On the night of September 3, 1870, the fifty-year-old Princess Mathilde Bonaparte fled Paris at the insistence of her friends, first heading for Puys, near Dieppe on the English Channel, where her friend, the forty-six-year-old novelist and playwright Alexandre Dumas the younger, offered his home to her. France was proclaimed a Republic on September 4; a provisional French government, the Third Republic, was created, and it deposed Napoléon III on September 4. In the French press, it was rumored that Princess Mathilde had stolen up to 51 million francs in her luggage, and that she had been arrested; it was further alleged that she had stolen diamonds and important paintings from the Louvre. Meanwhile, Mathilde (with two servants) secretly made her way across the French border, to Belgium. By September 12, she had stopped in the first town to she came to — Mons, an hour from Brussels. By October, she wrote, “I am horribly sad and my heart is broken. I remain here, not knowing where to go and not wishing to leave; besides, I really do not care.” She added, “I am sadder than ever; there is nothing left but our complete ruin, and I have not even the hope of better days.” [Mathilde did return to Paris, in mid-June of 1871, and she lived there until her death in 1904 at the age of 83.]

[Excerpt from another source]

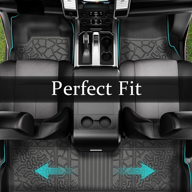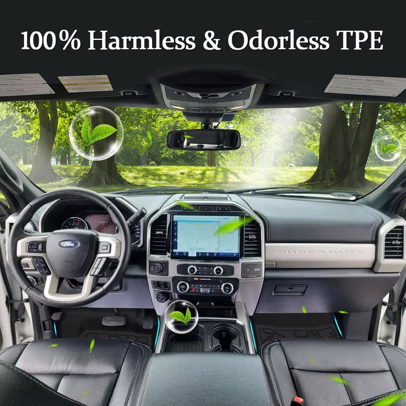 - 2. Custom Fit: Use 3D Laser Scanning Tecnology Ensure a Customized Edge to Edge Super Fit Design for Your Ford F250 Vehicles. Made of 100% TPE Material in One-piece Injection Moulding Process, Which is Sturdy and Durable, Odorless, No curl or Deform, Match the Original Floor Contour Perfectly.

Her former lover, the faithless Comte de Nieuwerkerke, ordered the most valuable paintings removed from Paris on August 30. Convoys from the Louvre left for Brest each day from September 1 to 4. Nieuwerkerke was dismissed by the new government from his post as Superintendent of the Imperial Museums on September 5. It was rumored that he was in prison until he could account for important paintings “which he may have lent to friends.” In reality, Nieuwerkerke – who had been warned of his imminent arrest – fled Paris in September dressed as a valet. He went into exile in England, at Eastbourne. [In April, 1871, Nieuwerkerke sold his home to an American, William Henry Riggs (1837 – 1924) for 188,500 francs and his collection of armor and weapons for 400,000 francs to Sir Richard Wallace (1818 – 1890); it now is part of the Wallace Collection in London. Nieuwerkerke then went to Northern Italy and retired beside a picturesque lake in a luxurious villa at Gattajola, near Lucca, which he bought in May, 1872. He died there in 1892.]

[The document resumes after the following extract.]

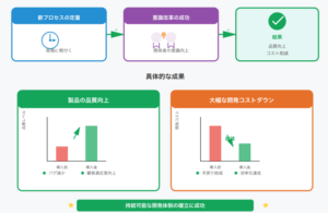 新プロセスを現場に根付かせることができたとともに、開発者の意識改革にも成功し、結果として製品の品質が上がり、大幅な開発コストダウンを達成した。

The forty-four-year-old Empress Eugénie had, with the help of her American dentist, Dr. Thomas Wiltberger Evans (1823 – 1897), escaped incognito to London with a forged passport (and her lady-in-waiting) on September 5. She settled at Camden Place, a secluded estate at Chislehurst, just southeast of London, and was reunited with her only child, the fourteen-year-old Louis Napoléon, Prince Impérial of France. [After six months as a prisoner in Germany, Napoléon III spent the last few years of his life in exile in England with Eugénie and the Prince Imperial, who was killed in the Zulu War in South Africa in 1879. Napoléon III died of kidney disease in 1873; Eugénie, a Spanish countess when she married, lived to the age of 94 and died among her relatives in Spain in 1920.]

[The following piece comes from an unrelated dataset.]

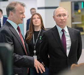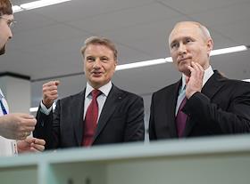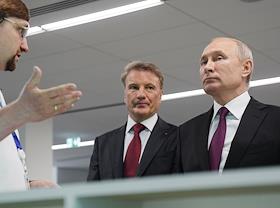 Президент России Владимир Путин (в центре) и председатель правления Сбербанка России Герман Греф…

In the meantime, while ordinary people were shocked and alarmed, mobs chanting “Vive la République!” and belting out the “Marseillaise” scrawled “Property of the People” across the entrance to the vacated Tuileries Palace and tossed statues of the emperor into the River Seine. They changed street and shop names to obliterate all signs of the despised, now-fallen empire. The avenue de l’Empereur became, with some paint, the avenue Victor Noir. French journalist Victor Noir (1848 – 1870) became a republican hero after being shot by Prince Pierre Bonaparte, a cousin of Napoléon III, in a duel in January. At some point after the Siege of Strasbourg on September 28, 1870 – when General Jean Jacques Alexis Uhrich (1802 – 1886) tried in vain to defend the fortress considered one of the strongest in France — Tissot’s elegant avenue de l’Impératrice (Empress Avenue), the boulevard leading to the recreational grounds at the Bois de Boulogne, was renamed avenue Uhrich.
Although Tissot was too patriotic – or optimistic – to realize it for another eight months, his charmed life in Paris was over forever.